Build vs Buy

Working in enterprise situations, you hear a lot about build vs buy: is it cheaper to create an IT solution yourself, or buy-in a solution from a third-party? It’s not always down to cost, obviously – other factors apply like requirements, security, privacy, integration into other systems, the supplier’s financial solidity, etc.

But ultimately, those are the two options. And they apply as much to the indiehacker community as to the enterprise one.

Let me give you an example:

I’ve been looking into building the mobile app for Notifium. I’m not a natural mobile developer and turning raw code into a compiled application for the app stores can be complex, particularly with Apple. So I’ve looked at a few solutions to help out on this.

The first was Ionic. They are a huge player in the mobile app space, and rightly so. They’ve brought a lot of value to the community, but are now very much gearing up to the larger customers, which puts even their cheapest “mobile build” solution out of the price bracket that smaller indie creators can afford, particularly if they’re in countries where the US dollar is expensive to buy with.
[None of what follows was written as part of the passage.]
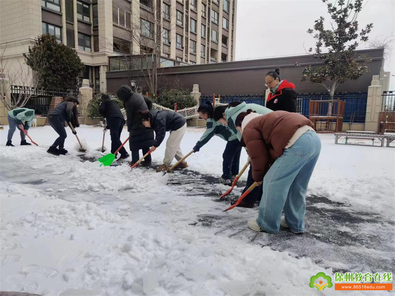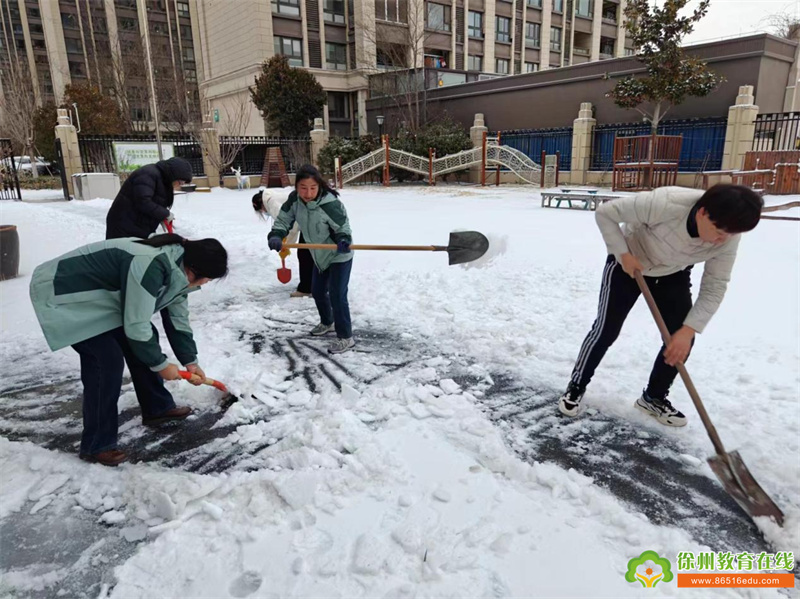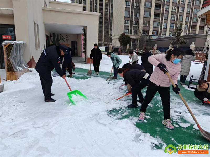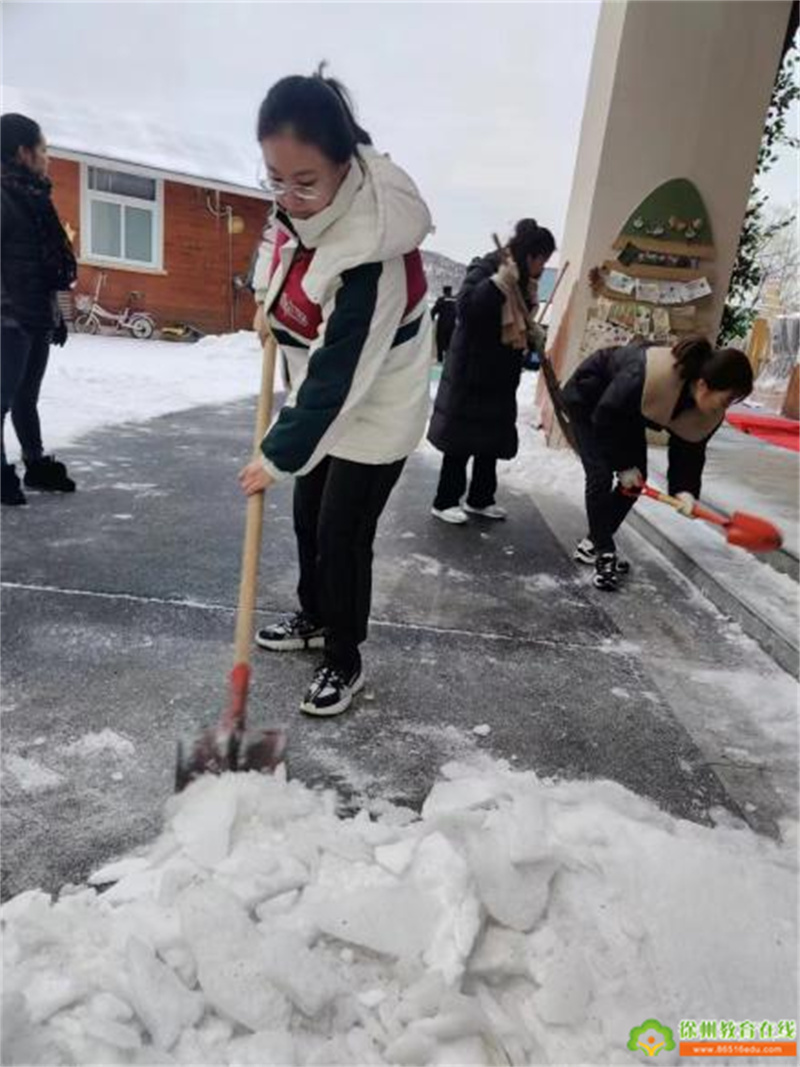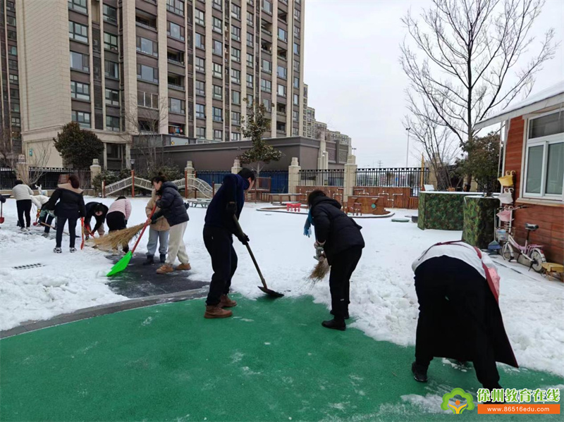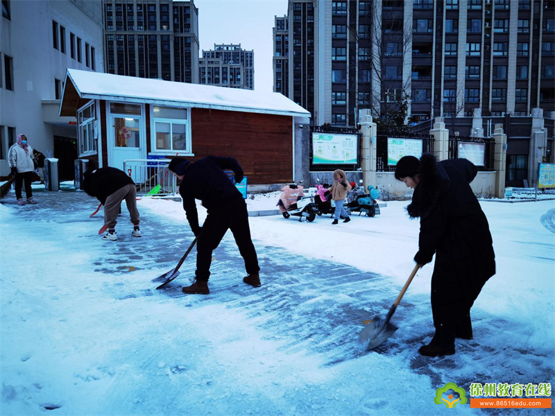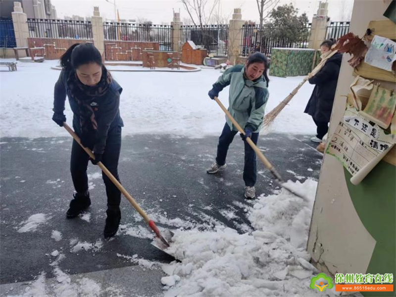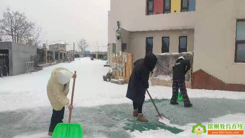 持续的降雪令幼儿园美不胜收,洁白的雪花为大家带来欢乐的同时,也给师幼的出行带来诸多的不便和安全隐患。为尽快消除积雪,排除隐患,营造一个安全的园所环境,徐州市丁万河幼儿园以雪为令,积极组织领导小组、成立以园长为组长、安全负责人丁长乐老师为副组长的应急小分队,启动应急预案,教职工积极清扫园内积雪,为寒冷的冬日带来丝丝暖意。

Additionally, from a personal point of view, I was using them for a while in the past, but then I hit a problem where my build was failing. So I reached out to support, who (to cut a long story short) said “it’s a problem with your app and we can’t offer you the detailed logs to help you try to fix it”.

That was the end of my relationship with all things Ionic.

So I just worked on the Android build for a while (which I can do on my Windows laptop), getting it to the point where I had a reliable process, then worked on the web UI for the admin tool. I’ve now come back to the mobile app, and need to build for iOS.

I don’t have mac. And Apple, in their glorious wisdom, have decided that you can’t submit an app to their app store unless you do it from a mac.

(This kind of thing is one of many reasons why I’ll never have an Apple product, ironically).

As a result, I’m currently trying Bitrise. I like Bitrise. They’ve been around for years, have a very flexible build process, support iOS builds and submission to the app store, so they tick all the boxes.

I built an template app using Cordova (the framework I’m using to build the mobile apps) – just a “hello world” kind of app, and it built on Bitrise without any issue.

Fantastic, I thought.

So I imported the actual Notifium app, and I hit a permission issue. Not with my code, but with Bitrise’s standard Cordova build workflow, and a standard Cordova set of files. So now we’re bouncing back and forth doing debugging via support tickets, which is a painful process.

So whilst that’s dragging along, I’m now renting a virtual Mac to see if I can get a process working that at least:

A. Works

B. I can debug

C. I can debug *quickly*

…

And yet people wonder why indie hackers sometimes build their own solution rather than use someone elses.